EXERCISE DESCRIPTION » Nothing outside the range is to be copied. From the entries below, reproduce exactly the lines starting at the one with "Located just a" and ending at the one with "Cuffia da doccia a", without pictures.
[[ RECORDS PROVIDED, beginning ]]
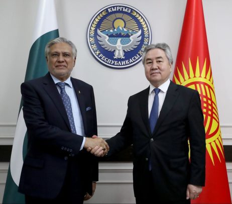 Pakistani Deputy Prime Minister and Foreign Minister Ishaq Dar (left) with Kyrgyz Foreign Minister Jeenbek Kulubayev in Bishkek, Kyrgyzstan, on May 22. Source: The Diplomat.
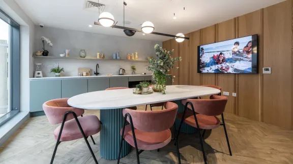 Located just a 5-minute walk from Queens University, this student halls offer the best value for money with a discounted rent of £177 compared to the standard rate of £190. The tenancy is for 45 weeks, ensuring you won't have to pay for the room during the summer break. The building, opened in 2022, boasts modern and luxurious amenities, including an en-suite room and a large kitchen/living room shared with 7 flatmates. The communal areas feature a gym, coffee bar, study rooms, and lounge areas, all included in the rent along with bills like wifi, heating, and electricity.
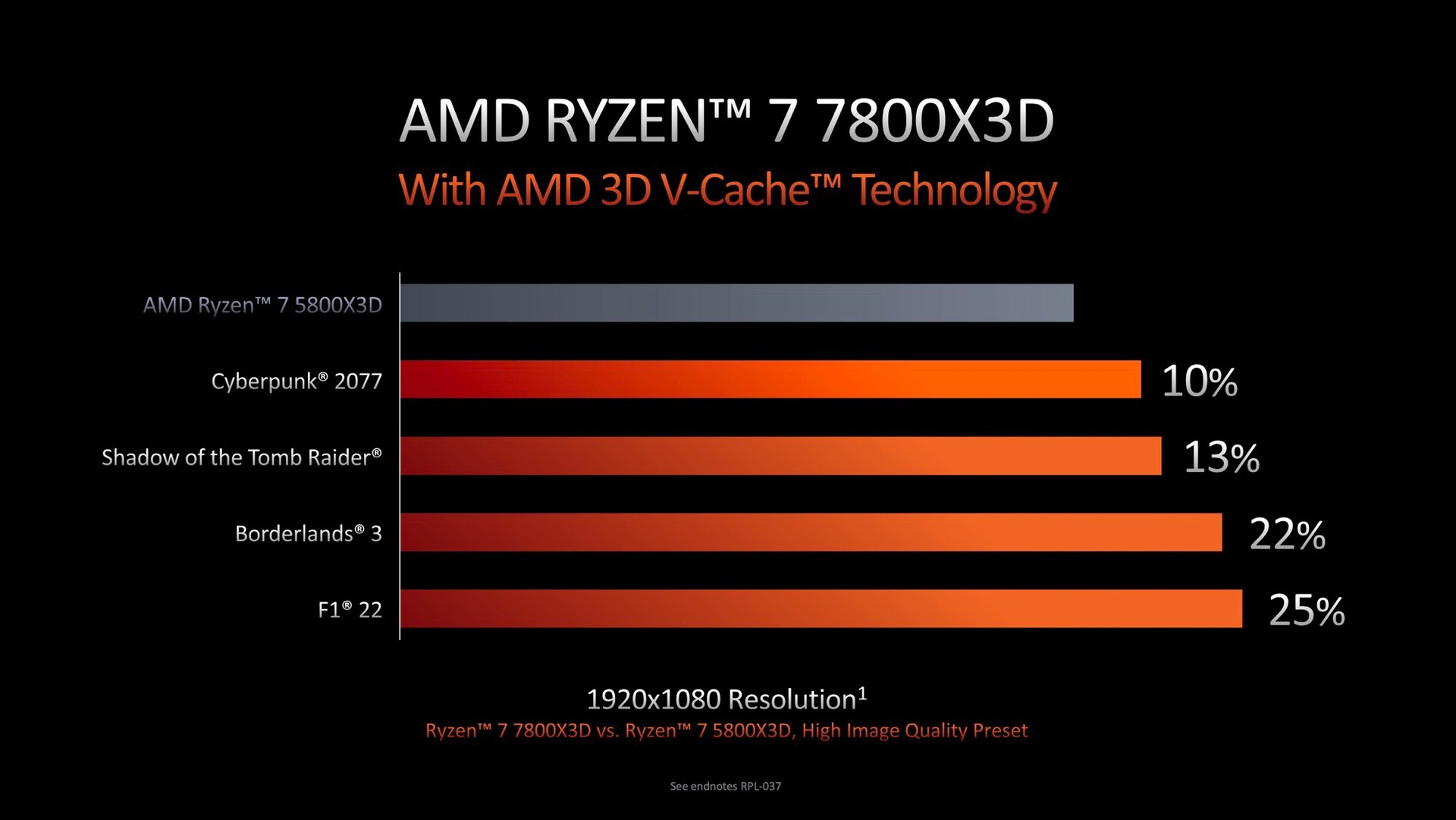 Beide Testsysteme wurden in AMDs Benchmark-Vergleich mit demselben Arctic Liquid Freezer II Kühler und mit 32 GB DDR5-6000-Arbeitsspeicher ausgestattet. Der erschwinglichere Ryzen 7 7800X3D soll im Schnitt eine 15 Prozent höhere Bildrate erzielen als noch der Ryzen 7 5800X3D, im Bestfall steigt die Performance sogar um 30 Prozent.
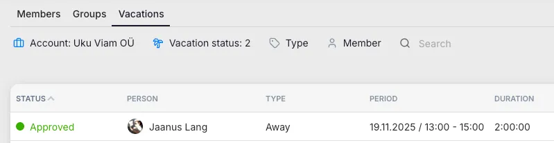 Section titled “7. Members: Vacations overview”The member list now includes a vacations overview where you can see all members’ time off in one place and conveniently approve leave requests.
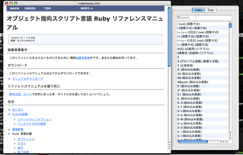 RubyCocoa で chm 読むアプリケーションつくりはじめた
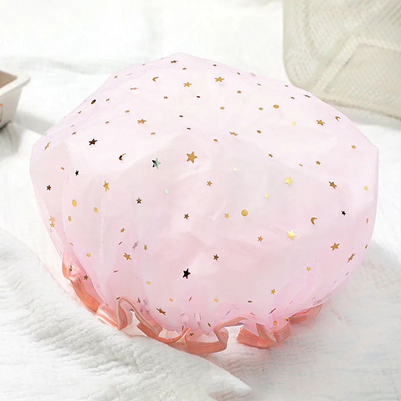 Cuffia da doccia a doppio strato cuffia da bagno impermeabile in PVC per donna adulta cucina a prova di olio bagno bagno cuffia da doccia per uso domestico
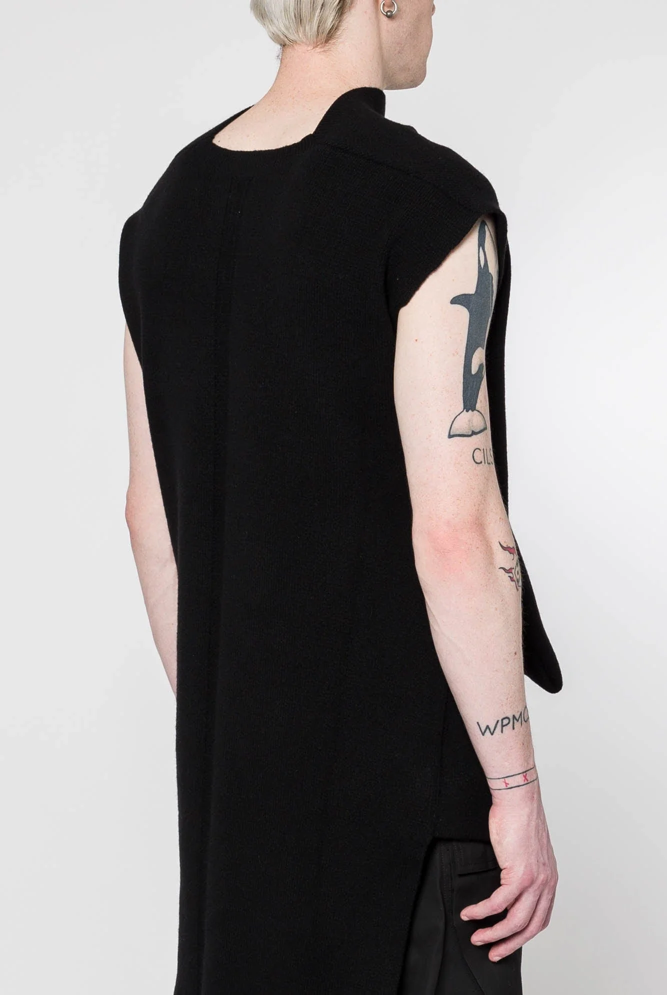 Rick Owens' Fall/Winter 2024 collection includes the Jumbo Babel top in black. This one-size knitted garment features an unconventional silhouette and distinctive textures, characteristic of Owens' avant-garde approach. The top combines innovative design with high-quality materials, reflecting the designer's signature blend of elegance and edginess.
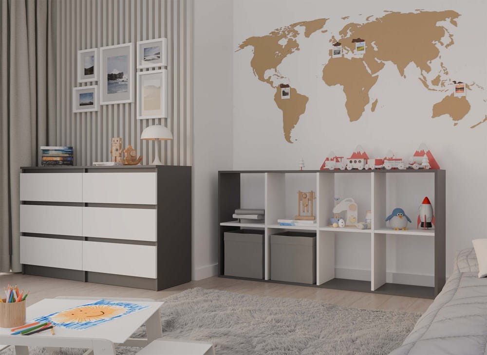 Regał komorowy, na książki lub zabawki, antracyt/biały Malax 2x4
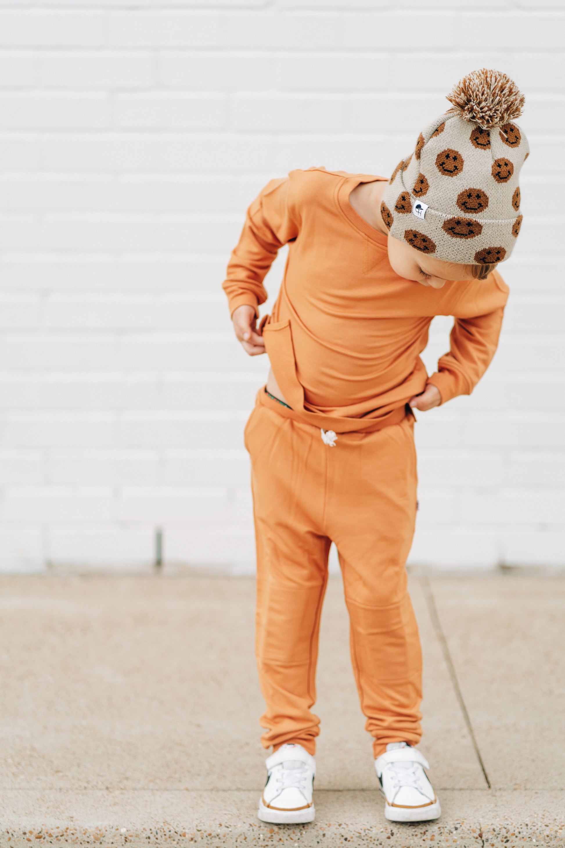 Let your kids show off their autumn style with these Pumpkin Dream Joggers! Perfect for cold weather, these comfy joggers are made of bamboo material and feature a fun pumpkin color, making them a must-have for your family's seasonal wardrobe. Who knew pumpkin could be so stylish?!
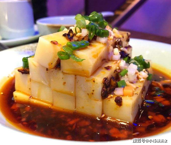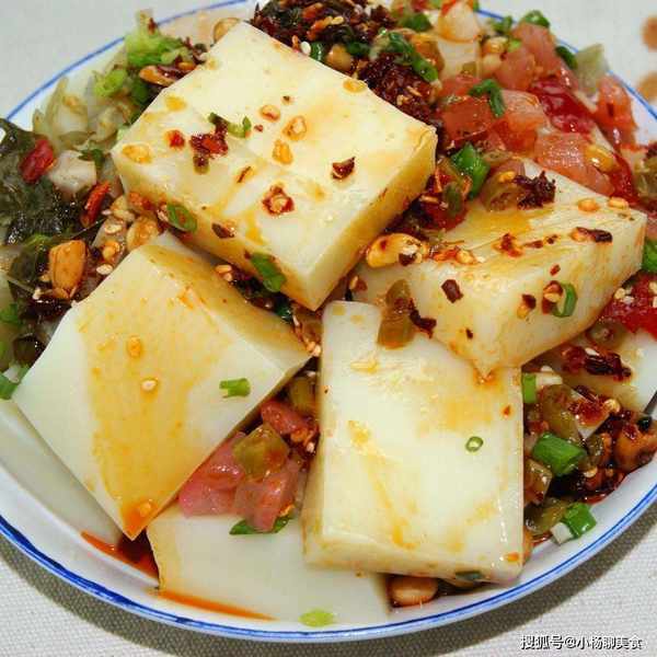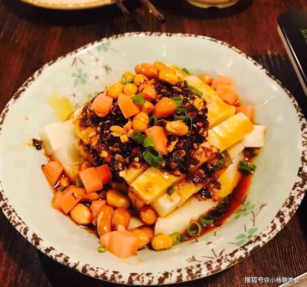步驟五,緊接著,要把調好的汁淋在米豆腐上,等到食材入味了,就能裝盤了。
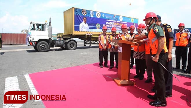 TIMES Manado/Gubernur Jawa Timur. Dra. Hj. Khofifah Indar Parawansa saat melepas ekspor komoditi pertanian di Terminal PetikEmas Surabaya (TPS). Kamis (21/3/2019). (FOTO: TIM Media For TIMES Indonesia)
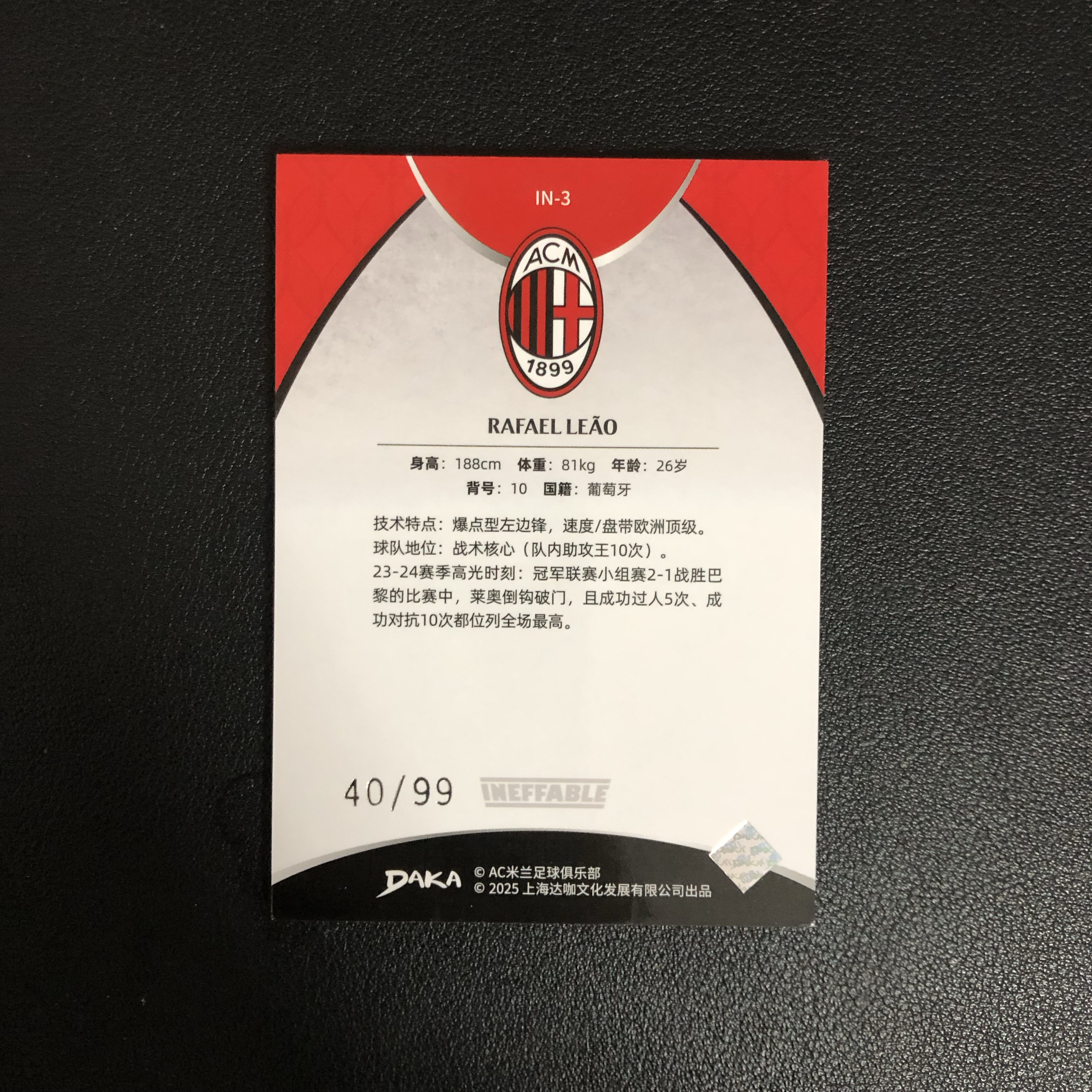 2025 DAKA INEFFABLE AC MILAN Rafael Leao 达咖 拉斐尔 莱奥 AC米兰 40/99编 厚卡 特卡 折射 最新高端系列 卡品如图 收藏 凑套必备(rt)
[[ RECORDS PROVIDED, end ]]
OUTPUT »
 Located just a 5-minute walk from Queens University, this student halls offer the best value for money with a discounted rent of £177 compared to the standard rate of £190. The tenancy is for 45 weeks, ensuring you won't have to pay for the room during the summer break. The building, opened in 2022, boasts modern and luxurious amenities, including an en-suite room and a large kitchen/living room shared with 7 flatmates. The communal areas feature a gym, coffee bar, study rooms, and lounge areas, all included in the rent along with bills like wifi, heating, and electricity.
 Beide Testsysteme wurden in AMDs Benchmark-Vergleich mit demselben Arctic Liquid Freezer II Kühler und mit 32 GB DDR5-6000-Arbeitsspeicher ausgestattet. Der erschwinglichere Ryzen 7 7800X3D soll im Schnitt eine 15 Prozent höhere Bildrate erzielen als noch der Ryzen 7 5800X3D, im Bestfall steigt die Performance sogar um 30 Prozent.
 Section titled “7. Members: Vacations overview”The member list now includes a vacations overview where you can see all members’ time off in one place and conveniently approve leave requests.
 RubyCocoa で chm 読むアプリケーションつくりはじめた
 Cuffia da doccia a doppio strato cuffia da bagno impermeabile in PVC per donna adulta cucina a prova di olio bagno bagno cuffia da doccia per uso domestico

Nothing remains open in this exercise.